Choreographer, writer and director Joe Goode is one of only five dance artists to receive a 2008 United States Artist Fellowship. Goode is known for integrating spoken word, song and visual imagery in his dance theater works. In addition to creating dance works and performance installations, he has written a play, Body Familiar, that was produced by San Francisco’s Magic Theatre and directed an opera, Transformations, for the San Francisco Opera Center. His dance theater work has been commissioned by Pennsylvania Ballet, Zenon Dance Company, Dance Alloy Theater and AXIS Dance Company, among others, and his company, Joe Goode Performance Group, formed in 1986. In 2007, Goode received a Guggenheim Fellowship. He is currently on faculty at UC Berkeley’s Department of Theater, Dance and Performance Studies.
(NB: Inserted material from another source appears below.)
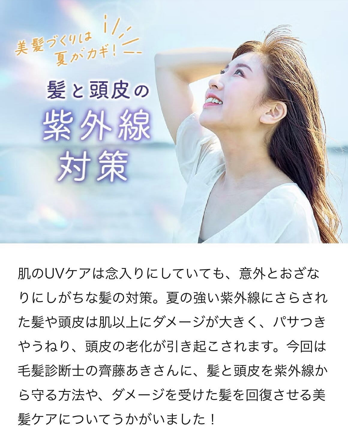 今回は「髪と頭皮の紫外線対策」について。紫外線が与える影響や、髪や頭皮を守るメソッド、うるおい&ツヤ回復ケアなどについてお話しています。

“Artists drive our nation’s cultural life and give voice to who we are and where we’re headed,” Susan V. Berresford, USA board chair and former president of the Ford Foundation, stated. “Many of this country’s two million artists struggle to make ends meet and, particularly in this challenging economic climate, it is essential to invest in our nation’s finest creative voices.”
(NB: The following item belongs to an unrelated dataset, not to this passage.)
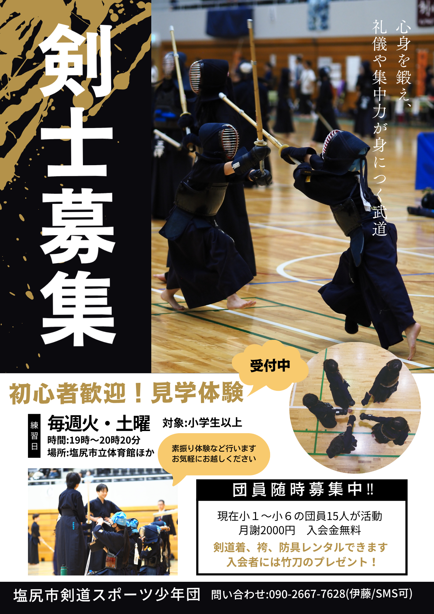 毎週火、土曜日に市立体育館で稽古を行っています。
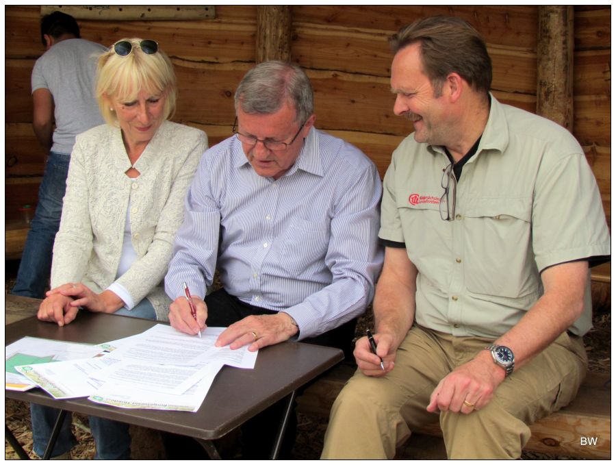 Wilhelm Schmidt, Vorstandvorsitzender des Fördervereins Bürgerwald Thiede, unterzeichnete gemeinsam mit Christiane Redecke, Vorstand der Mansfeld-Löbbecke-Stiftung, den Kooperationsvertrag. Hierzu trafen sie sich gemeinsam mit weiteren Gästen am Grünen Klassenzimmer im Bürgerwald. Unter anderem war auch der stellvertretende Vorstandsvorsitzende des Bürgerwaldes, Franz Hüsing, vor Ort.

The USA Fellows program provides direct support for artists by annually awarding fifty unrestricted grants of $50,000 to artists of all disciplines from across the country. The founding of the program in 2005 was prompted by the Urban Institute’s breakthrough study, Investing in Creativity: A Study of the Support Structures for U.S. Artists, which found that while 96% of Americans appreciate the arts, only 27% believe that artists contribute to the good of society. In addition, the study discovered that the median reported income for artists from their artistic work was only $5,000 and that more than half of America’s two million artists pay for their own health insurance.
The USA Fellowships for 2008 include five in Architecture and Design; four in Crafts and
Traditional Arts; five in Dance; nine in Literature (fiction, nonfiction, and poetry); six in Media (film and video); six in Music; five in Theater Arts; and 10 in Visual Arts.
This year’s honorees include freejazz pioneer Muhal Richard Abrams (New York); conceptual artist Michael Asher (Los Angeles); musician and Chinese pipa virtuoso Wu Man (San Diego); playwright and hip-hop theater performer Will Power (New York); installation artist Kara Walker (New York); experimental architect Douglas Garofalo (Chicago); traditional sweetgrass basket weaver Mary Jackson (Johns Island, South Carolina); legendary tap dancer Dianne Walker (Boston); Faulkner Award-winning novelist and short story writer Barry Hannah (Oxford, Mississippi); and independent filmmaker William Greaves (New York), known as “the dean of African American film.”